# What you should do
Look in the listing below for the line that has "表1 粉煤灰吸附和粉煤灰過濾的COD(mg/L) 去除效果比較 |", then return it and each following line up to and including the one with "睡裙女夏季纯棉短袖公主风薄款花边睡衣2025新款孕妇高级感连衣裙", exactly and without pictures.

# Excerpted data
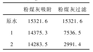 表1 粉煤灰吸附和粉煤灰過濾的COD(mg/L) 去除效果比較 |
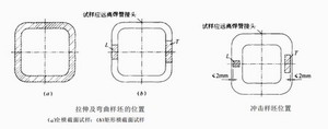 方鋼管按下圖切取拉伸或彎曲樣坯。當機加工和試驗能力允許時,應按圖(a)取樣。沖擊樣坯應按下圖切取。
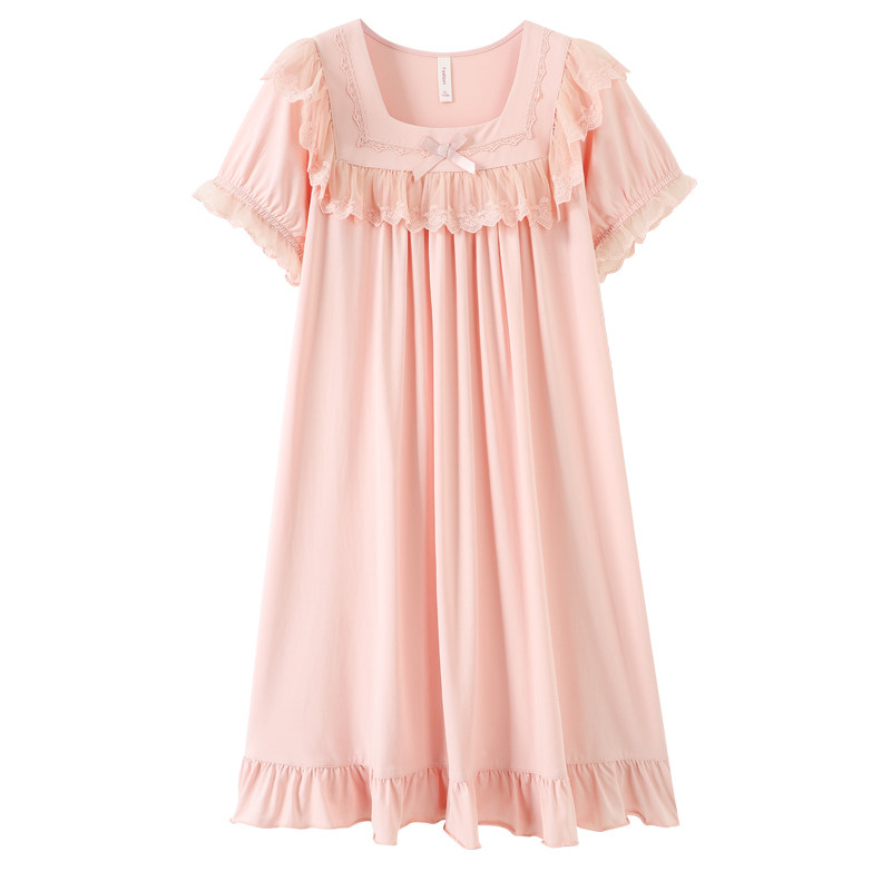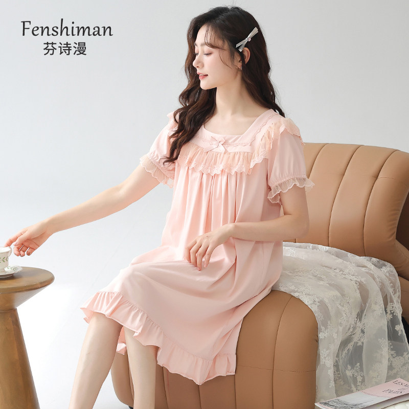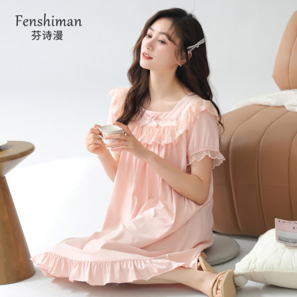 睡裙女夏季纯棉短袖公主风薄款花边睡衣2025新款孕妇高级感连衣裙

...

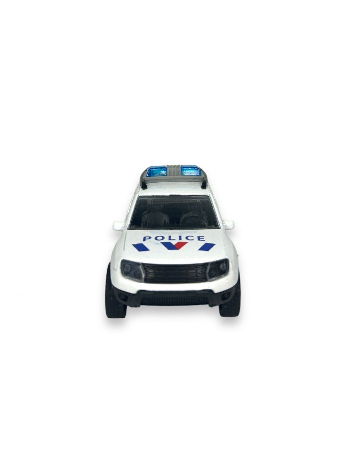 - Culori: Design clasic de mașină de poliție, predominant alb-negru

# Response for this exercise
 表1 粉煤灰吸附和粉煤灰過濾的COD(mg/L) 去除效果比較 |
 方鋼管按下圖切取拉伸或彎曲樣坯。當機加工和試驗能力允許時,應按圖(a)取樣。沖擊樣坯應按下圖切取。
 睡裙女夏季纯棉短袖公主风薄款花边睡衣2025新款孕妇高级感连衣裙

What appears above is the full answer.